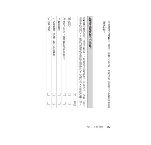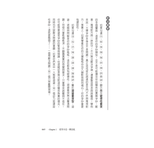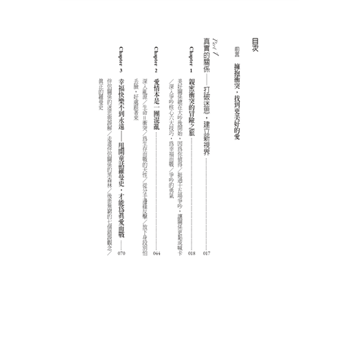 美好關係總在大吵後開始,因為你值得/挺過十五場爭吵,讓關係更黏或喊卡/深入爭吵核心六大技巧,為幸福而戰/爭吵的勇氣
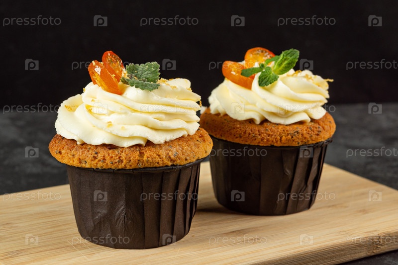 Кексы с сырным кремом, украшенные сладкими ягодами на темном фоне
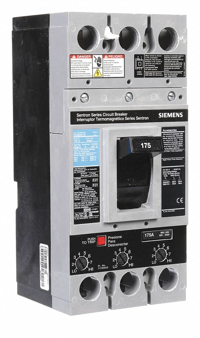 SIEMENS Molded Case Circuit Breaker 175 A Amps, 22kA at 600V AC, Fixed
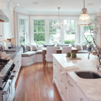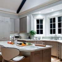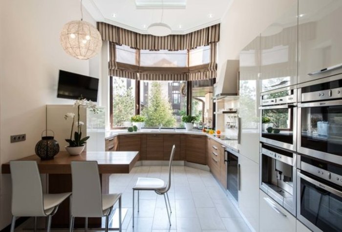 In any apartment, the layout of a large or small kitchen with a bay window looks very original.The kitchen room is always multifunctional, the bay window space allows you to conveniently place an additional zone - a place for cooking or a meal, a mini-office or a sitting area, a sofa, a sports area, a children's playroom.

================================

= PROBLEM TO WORK ON =
Keeping every word as it is, write out all the data and omit the pictures.

= ANSWER =
 美好關係總在大吵後開始,因為你值得/挺過十五場爭吵,讓關係更黏或喊卡/深入爭吵核心六大技巧,為幸福而戰/爭吵的勇氣
 Кексы с сырным кремом, украшенные сладкими ягодами на темном фоне
 SIEMENS Molded Case Circuit Breaker 175 A Amps, 22kA at 600V AC, Fixed
 In any apartment, the layout of a large or small kitchen with a bay window looks very original.The kitchen room is always multifunctional, the bay window space allows you to conveniently place an additional zone - a place for cooking or a meal, a mini-office or a sitting area, a sofa, a sports area, a children's playroom.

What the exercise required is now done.